### WHAT YOU WILL DO
Word for word, set down the lines from the one that holds "ഇതിനിടക്ക് ഒരു പോസ്റ്റും" through the final line of the listing below, and exclude every picture.

### GIVEN INFORMATION

========================================

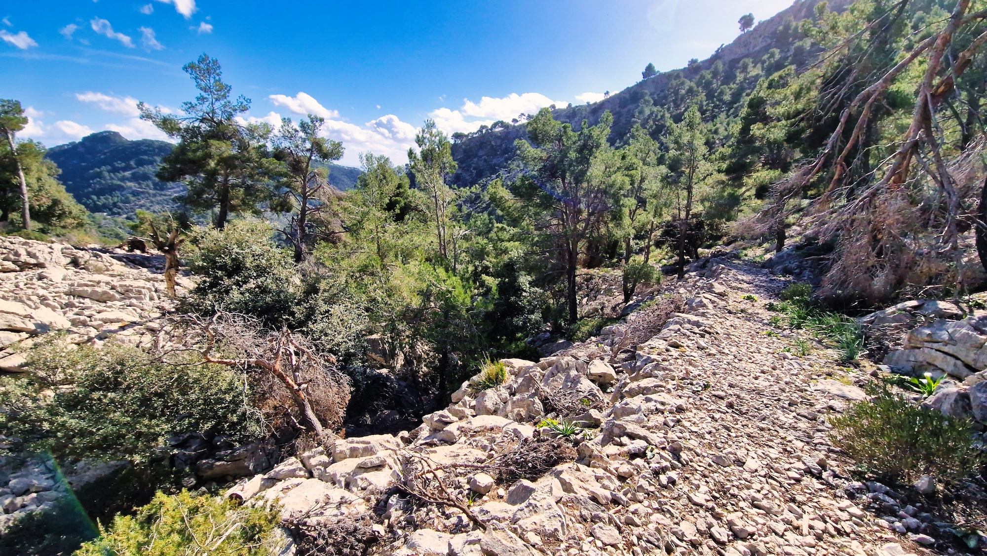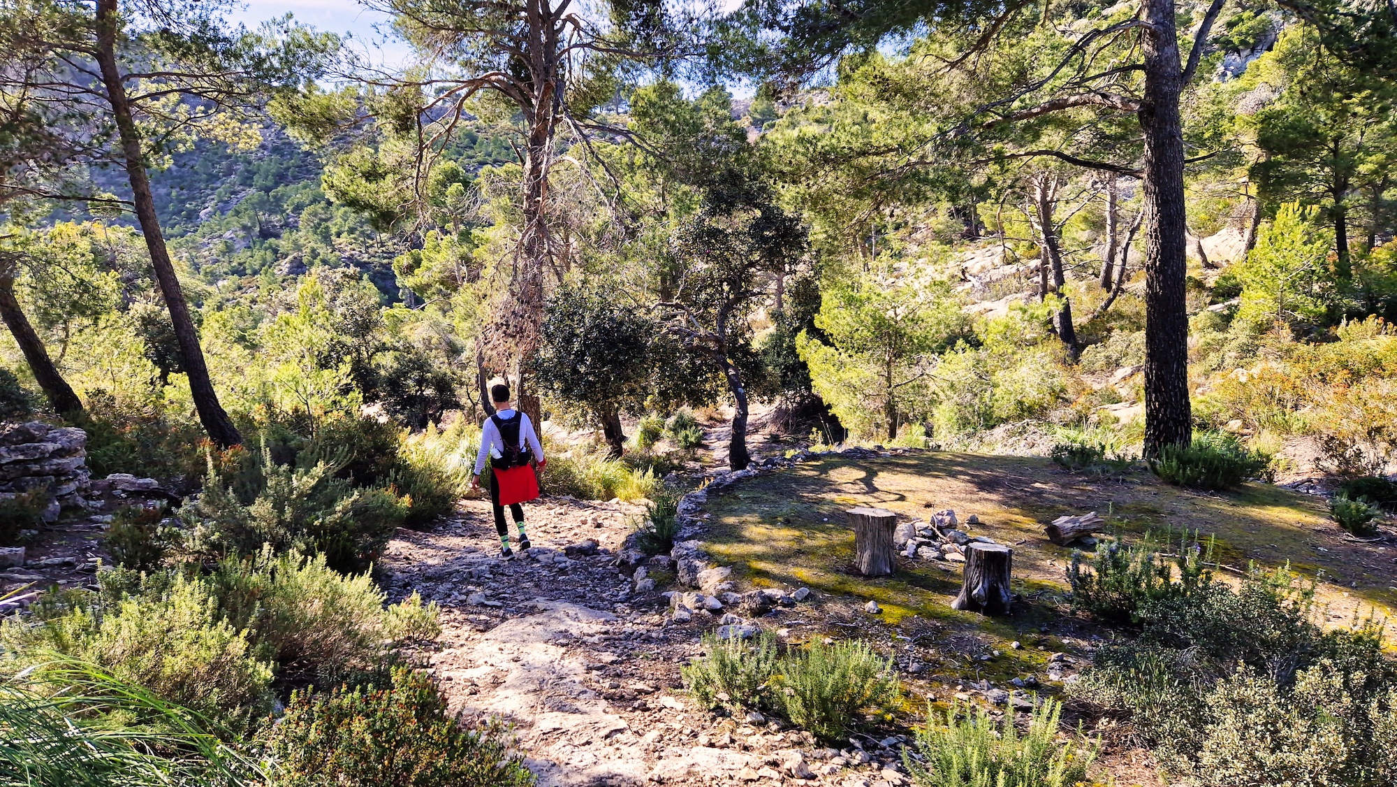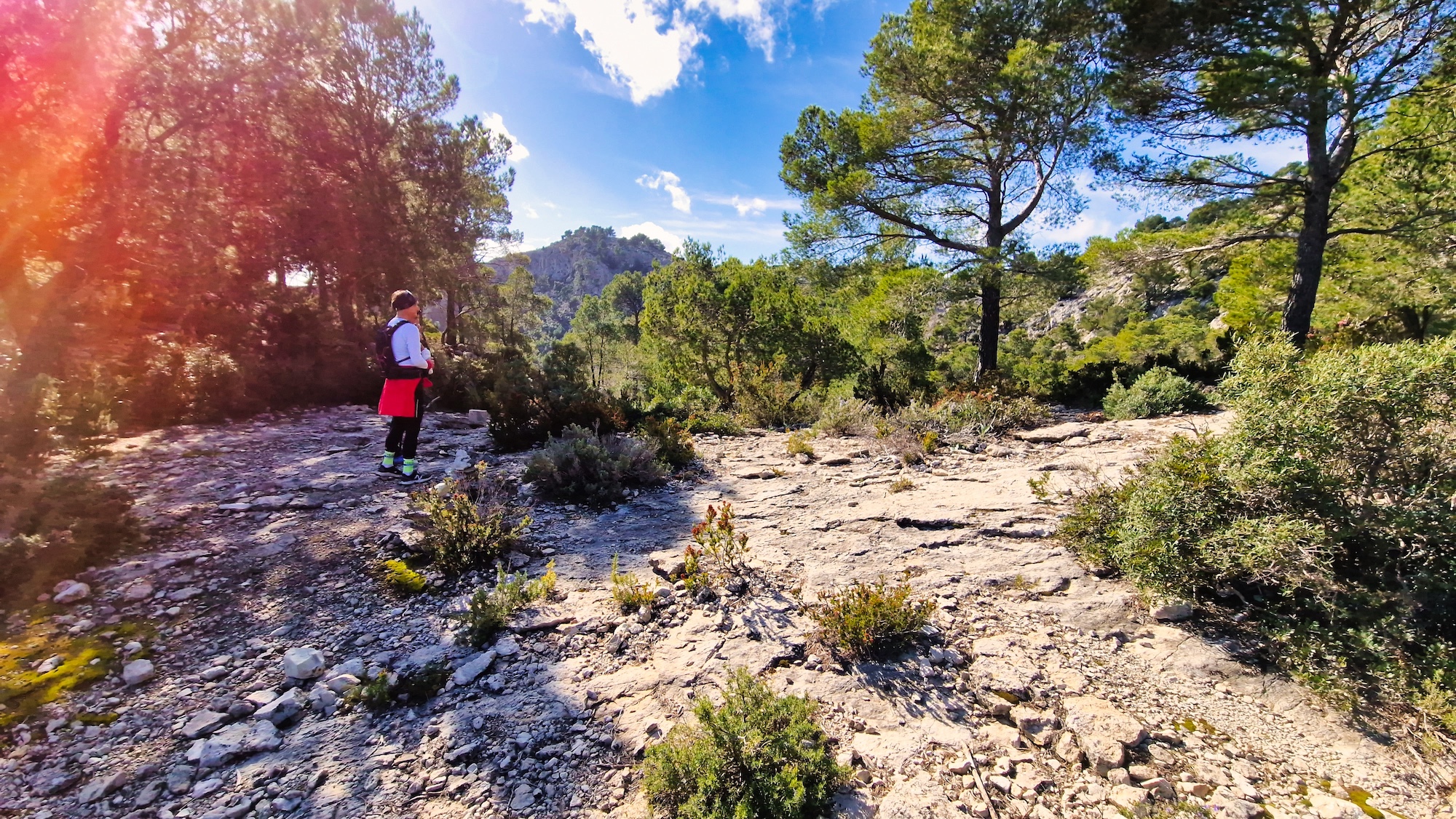 Subimos por dentro del comellar por una trialera bien definida y con pendiente bastante exigente, hasta llegar a una explanada de roca rodeada de pinos, que es el punto más alto de la ruta. Un lugar aislado y poco conocido con magníficas vistas.
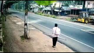ഇതിനിടക്ക് ഒരു പോസ്റ്റും നിൽക്കുന്നുണ്ടെന്നതാണ് രസകരം. ആളിനെയൊ പോസ്റ്റിനെയോ ഇടിക്കാതെ കൃത്യമായി മധ്യത്തിലൂടെ പോകുന്നതാണ് വിസ്മയമുളവാക്കുന്നത്. നിയന്ത്രണംവിട്ട് പാഞ്ഞ പിക്കപ്പ് പിന്നേയും റോഡിലൂടെ മുന്നോട്ട്പോകുന്നതും വീഡിയോയിൽ കാണാം. കൊല്ലം ജില്ലയിലെ ചവറയിൽ നടന്നതാണ് അപകടമെന്നാണ് വിവരം. റോഡുവക്കിലെ സി.സി ടി.വിയിൽ ദൃശ്യങ്ങൾ പതിയുകയായിരുന്നു.
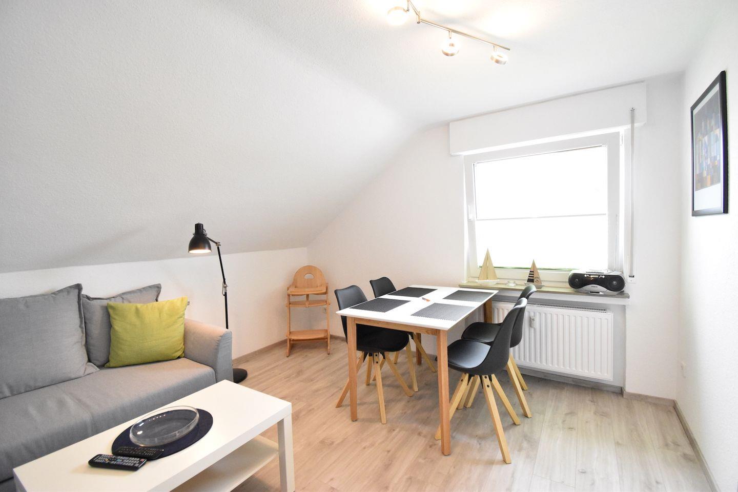 Sie finden ebenfalls zwei klappbare Gartenstühle sowie einen kleinen, klappbaren Tisch, die Sie auf der kleinen Terrasse vor der Haustür im Garten am Haus verwenden können.?Im separaten Abstellraum im Erdgeschoss stehen unseren Gästen sowohl ein Damen- als auch ein Herrenrad zur kostenlosen Verfügung.?Der zur Wohnung gehörende Parkplatz befindet sich direkt vor dem Haus.

========================================

### SOLUTION FOR THIS PROBLEM
ഇതിനിടക്ക് ഒരു പോസ്റ്റും നിൽക്കുന്നുണ്ടെന്നതാണ് രസകരം. ആളിനെയൊ പോസ്റ്റിനെയോ ഇടിക്കാതെ കൃത്യമായി മധ്യത്തിലൂടെ പോകുന്നതാണ് വിസ്മയമുളവാക്കുന്നത്. നിയന്ത്രണംവിട്ട് പാഞ്ഞ പിക്കപ്പ് പിന്നേയും റോഡിലൂടെ മുന്നോട്ട്പോകുന്നതും വീഡിയോയിൽ കാണാം. കൊല്ലം ജില്ലയിലെ ചവറയിൽ നടന്നതാണ് അപകടമെന്നാണ് വിവരം. റോഡുവക്കിലെ സി.സി ടി.വിയിൽ ദൃശ്യങ്ങൾ പതിയുകയായിരുന്നു.
 Sie finden ebenfalls zwei klappbare Gartenstühle sowie einen kleinen, klappbaren Tisch, die Sie auf der kleinen Terrasse vor der Haustür im Garten am Haus verwenden können.?Im separaten Abstellraum im Erdgeschoss stehen unseren Gästen sowohl ein Damen- als auch ein Herrenrad zur kostenlosen Verfügung.?Der zur Wohnung gehörende Parkplatz befindet sich direkt vor dem Haus.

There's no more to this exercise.